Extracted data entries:
-.-.-

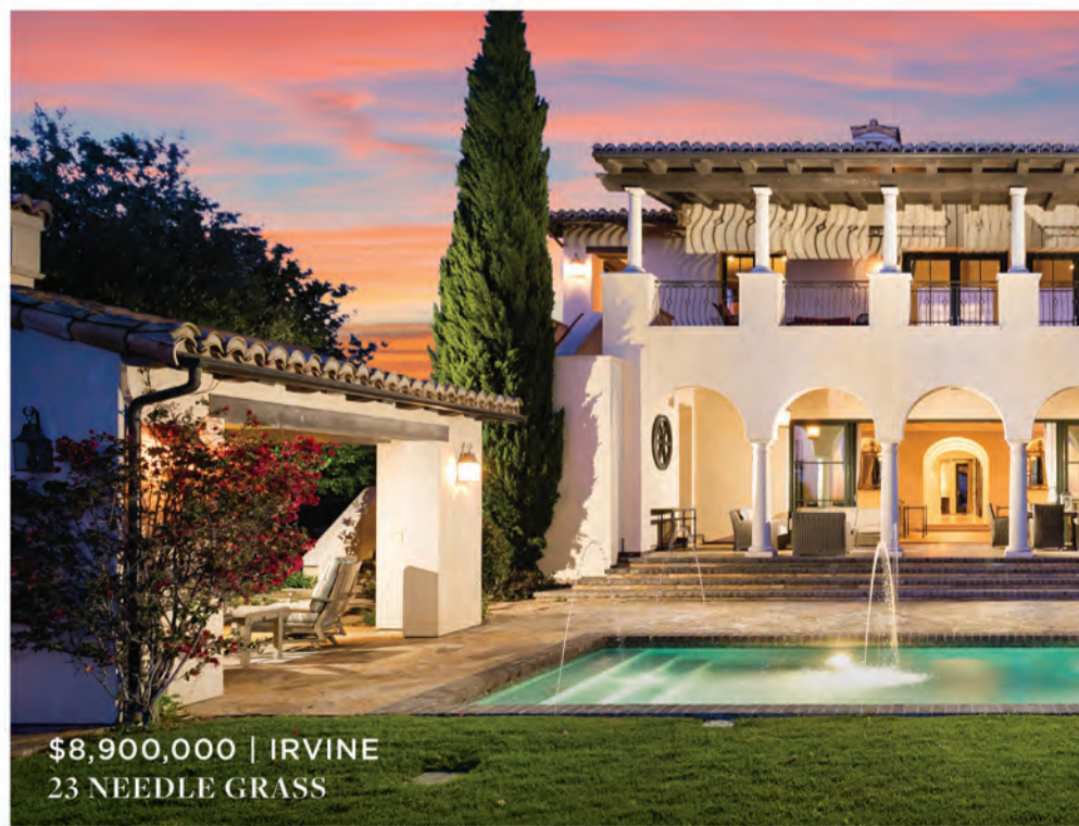
$8,900,000 | IRVINE 23 NEEDLE GRASS
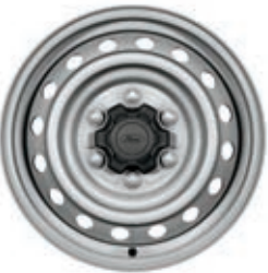
16" x 6.5" Steel (4x2) 16" x 7" Steel (4x4) Standard on COMMERCIAL and XL
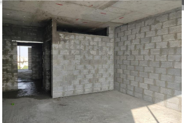
9 th Floor Flat Block Work
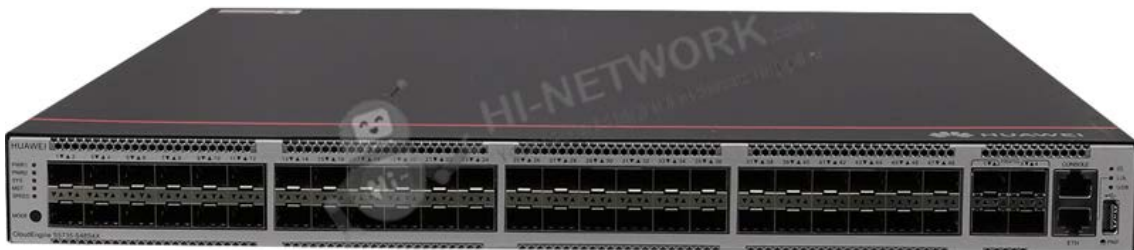
Figure 1 shows the appearance of S5735-S48S4X.
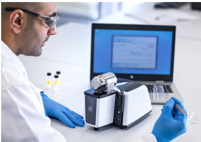
Figure 3. The DialPath accessory can be used to measure polymer films.
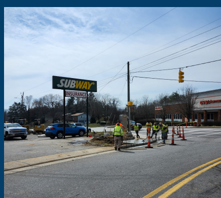
A photo of crews working on New Leicester Highway Sidewalks near the Land of Sky office
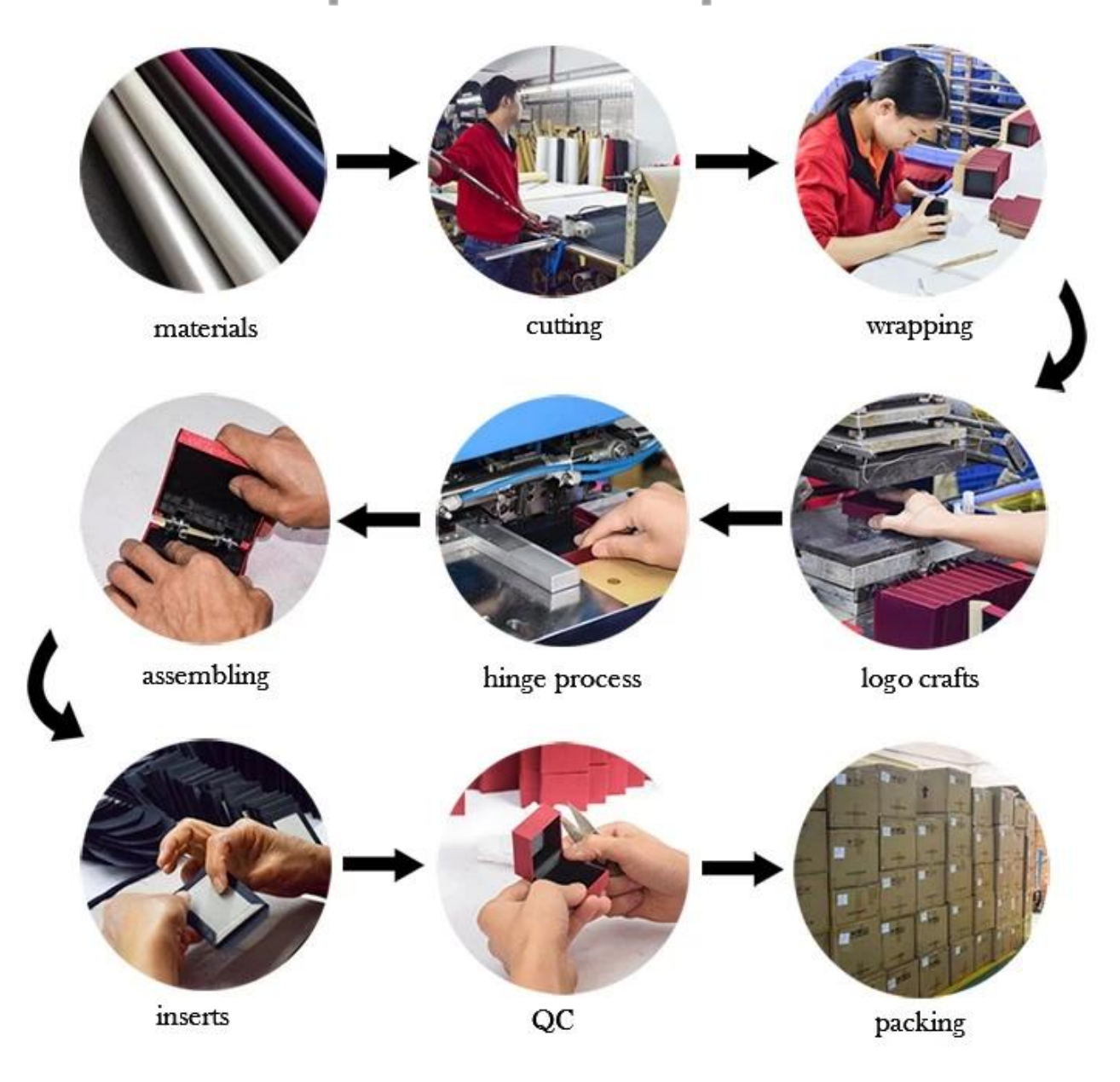
Packaging and delivery \square

-.-.-

Pictures should be skipped, and the records retyped word for word.

FINAL ANSWER —
$8,900,000 | IRVINE 23 NEEDLE GRASS
16" x 6.5" Steel (4x2) 16" x 7" Steel (4x4) Standard on COMMERCIAL and XL
9 th Floor Flat Block Work
Figure 1 shows the appearance of S5735-S48S4X.
Figure 3. The DialPath accessory can be used to measure polymer films.
A photo of crews working on New Leicester Highway Sidewalks near the Land of Sky office
Packaging and delivery \square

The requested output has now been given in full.